##### Entries supplied

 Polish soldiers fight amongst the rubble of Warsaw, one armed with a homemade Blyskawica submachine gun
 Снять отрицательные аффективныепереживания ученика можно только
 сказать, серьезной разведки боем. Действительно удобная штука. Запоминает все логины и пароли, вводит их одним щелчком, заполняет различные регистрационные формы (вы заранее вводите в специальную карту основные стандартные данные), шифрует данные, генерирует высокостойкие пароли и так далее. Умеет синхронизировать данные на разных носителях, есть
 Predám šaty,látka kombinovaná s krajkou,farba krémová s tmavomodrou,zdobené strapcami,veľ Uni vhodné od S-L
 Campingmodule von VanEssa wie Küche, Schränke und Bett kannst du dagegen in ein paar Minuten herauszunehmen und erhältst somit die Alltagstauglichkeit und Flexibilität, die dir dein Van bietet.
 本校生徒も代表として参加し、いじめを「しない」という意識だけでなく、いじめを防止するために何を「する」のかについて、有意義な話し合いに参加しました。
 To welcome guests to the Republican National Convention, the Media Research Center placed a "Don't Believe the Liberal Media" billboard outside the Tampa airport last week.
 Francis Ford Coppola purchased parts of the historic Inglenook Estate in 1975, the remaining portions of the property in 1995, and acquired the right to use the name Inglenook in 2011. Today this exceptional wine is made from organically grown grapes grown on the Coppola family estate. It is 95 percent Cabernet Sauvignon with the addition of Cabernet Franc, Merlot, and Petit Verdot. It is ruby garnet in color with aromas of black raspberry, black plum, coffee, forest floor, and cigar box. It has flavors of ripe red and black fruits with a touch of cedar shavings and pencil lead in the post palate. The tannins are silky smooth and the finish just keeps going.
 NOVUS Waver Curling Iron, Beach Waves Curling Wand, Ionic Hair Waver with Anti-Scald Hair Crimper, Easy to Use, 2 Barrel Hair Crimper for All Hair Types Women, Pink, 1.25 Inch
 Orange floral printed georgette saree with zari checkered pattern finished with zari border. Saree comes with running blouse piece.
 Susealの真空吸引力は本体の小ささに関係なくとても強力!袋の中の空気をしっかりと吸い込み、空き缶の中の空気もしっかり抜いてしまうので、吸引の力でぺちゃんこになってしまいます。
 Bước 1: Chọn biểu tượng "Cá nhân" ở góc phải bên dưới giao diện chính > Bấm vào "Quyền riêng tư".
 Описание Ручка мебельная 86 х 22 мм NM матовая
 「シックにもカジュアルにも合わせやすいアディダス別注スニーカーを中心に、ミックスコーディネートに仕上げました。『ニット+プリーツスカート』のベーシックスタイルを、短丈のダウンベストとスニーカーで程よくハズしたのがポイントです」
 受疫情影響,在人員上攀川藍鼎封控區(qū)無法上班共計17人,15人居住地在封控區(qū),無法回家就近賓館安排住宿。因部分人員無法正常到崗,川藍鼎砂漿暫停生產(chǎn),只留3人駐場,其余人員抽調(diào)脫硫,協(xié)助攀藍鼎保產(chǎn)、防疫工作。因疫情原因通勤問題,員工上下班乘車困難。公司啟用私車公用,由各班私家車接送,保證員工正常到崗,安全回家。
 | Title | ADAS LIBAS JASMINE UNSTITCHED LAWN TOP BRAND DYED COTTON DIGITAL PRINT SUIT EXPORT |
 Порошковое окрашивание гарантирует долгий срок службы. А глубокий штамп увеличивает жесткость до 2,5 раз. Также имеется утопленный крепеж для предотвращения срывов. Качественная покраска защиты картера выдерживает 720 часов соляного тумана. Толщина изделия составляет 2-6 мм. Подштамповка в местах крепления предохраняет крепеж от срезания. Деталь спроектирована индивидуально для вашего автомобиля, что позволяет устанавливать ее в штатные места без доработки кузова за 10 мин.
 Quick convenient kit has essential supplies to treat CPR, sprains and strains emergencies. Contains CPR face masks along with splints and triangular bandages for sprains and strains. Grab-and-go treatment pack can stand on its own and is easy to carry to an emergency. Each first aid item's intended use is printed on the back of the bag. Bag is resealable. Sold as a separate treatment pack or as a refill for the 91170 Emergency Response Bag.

##########

What to work on: Everything from the first line of the records through the line holding "Campingmodule von VanEssa" is to be transcribed exactly; leave out all other lines.

Task result:
 Polish soldiers fight amongst the rubble of Warsaw, one armed with a homemade Blyskawica submachine gun
 Снять отрицательные аффективныепереживания ученика можно только
 сказать, серьезной разведки боем. Действительно удобная штука. Запоминает все логины и пароли, вводит их одним щелчком, заполняет различные регистрационные формы (вы заранее вводите в специальную карту основные стандартные данные), шифрует данные, генерирует высокостойкие пароли и так далее. Умеет синхронизировать данные на разных носителях, есть
 Predám šaty,látka kombinovaná s krajkou,farba krémová s tmavomodrou,zdobené strapcami,veľ Uni vhodné od S-L
 Campingmodule von VanEssa wie Küche, Schränke und Bett kannst du dagegen in ein paar Minuten herauszunehmen und erhältst somit die Alltagstauglichkeit und Flexibilität, die dir dein Van bietet.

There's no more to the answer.